Final answer:
Ray and Kelsey can both be correct about the number of intercepts, as a third-degree polynomial can have up to three zeros and one y-intercept. The function g(x) = (x + 2)(x - 1)(x - 2) has an end behavior extending outward and upward, a y-intercept at (0, 4), and zeros at x = -2, x = 1, and x = 2.
Step-by-step explanation:
In addressing whether Ray and Kelsey can both be correct in the assertion about the number of intercepts for a third-degree polynomial, it is important to clarify that a third-degree polynomial can indeed have up to three zeros. However, the term 'intercepts' can refer to both x-intercepts (zeros) and y-intercepts. A third-degree polynomial can have only one y-intercept and up to three x-intercepts, making a total of four possible intercepts on the graph if we consider both types of intercepts. Hence, Ray referring to four intercepts and Kelsey arguing for three zeros are both correct.

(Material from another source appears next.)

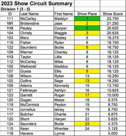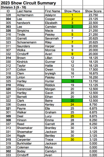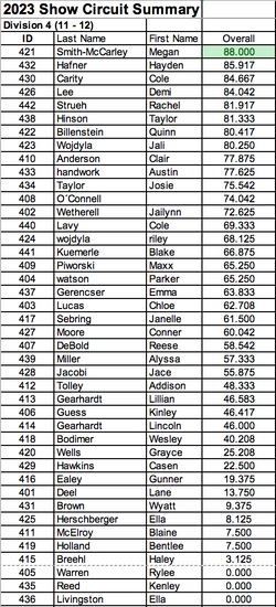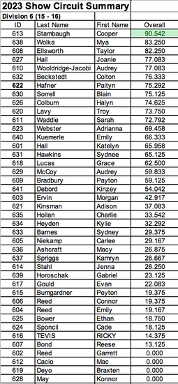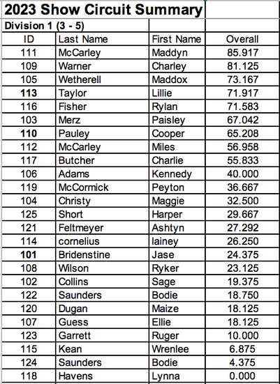 The 2023 Buckeye Show Circuit participants were split in to 7 divisions by age as of January 1.Â

Now, let's discuss the key features of the function g(x) = (x + 2)(x - 1)(x - 2). First, end behavior of this cubic function is such that as x approaches negative infinity, g(x) approaches negative infinity; and as x approaches positive infinity, g(x) approaches positive infinity.

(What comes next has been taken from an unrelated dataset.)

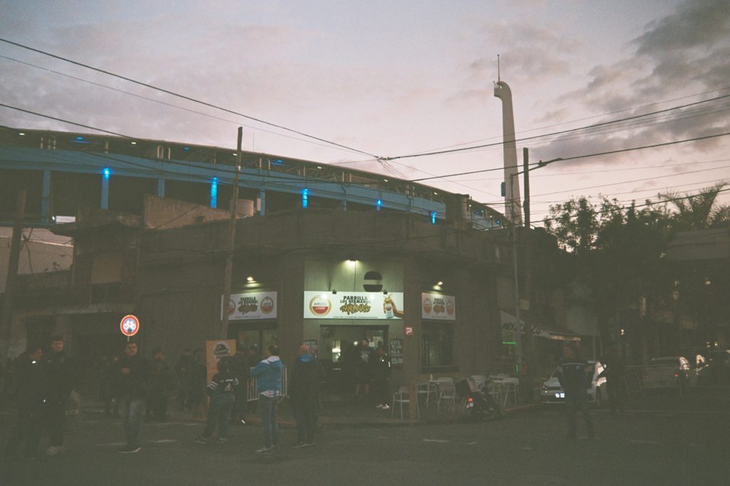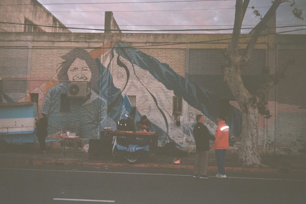 After I cross the bridge, the evening at Racing begins almost symbolically for all these experiences. The floodlit streets around the stadium are lined with open fires where people are grilling, and the now-familiar smell of choripán follows me as I walk toward a small bar at the foot of the Estadio Presidente Perón.

This is because the leading coefficient is positive, which suggests that both tails of the curve extend outward and upward. The y-intercept of the function is the value of g(x) when x is zero, which is obtained by substituting x with 0 in the function: g(0) = (0 + 2)(0 - 1)(0 - 2), resulting in a y-intercept at (0, 4). Lastly, the zeros (or x-intercepts) of the function are the solutions to the equation g(x) = 0, which are x = -2, x = 1, and x = 2.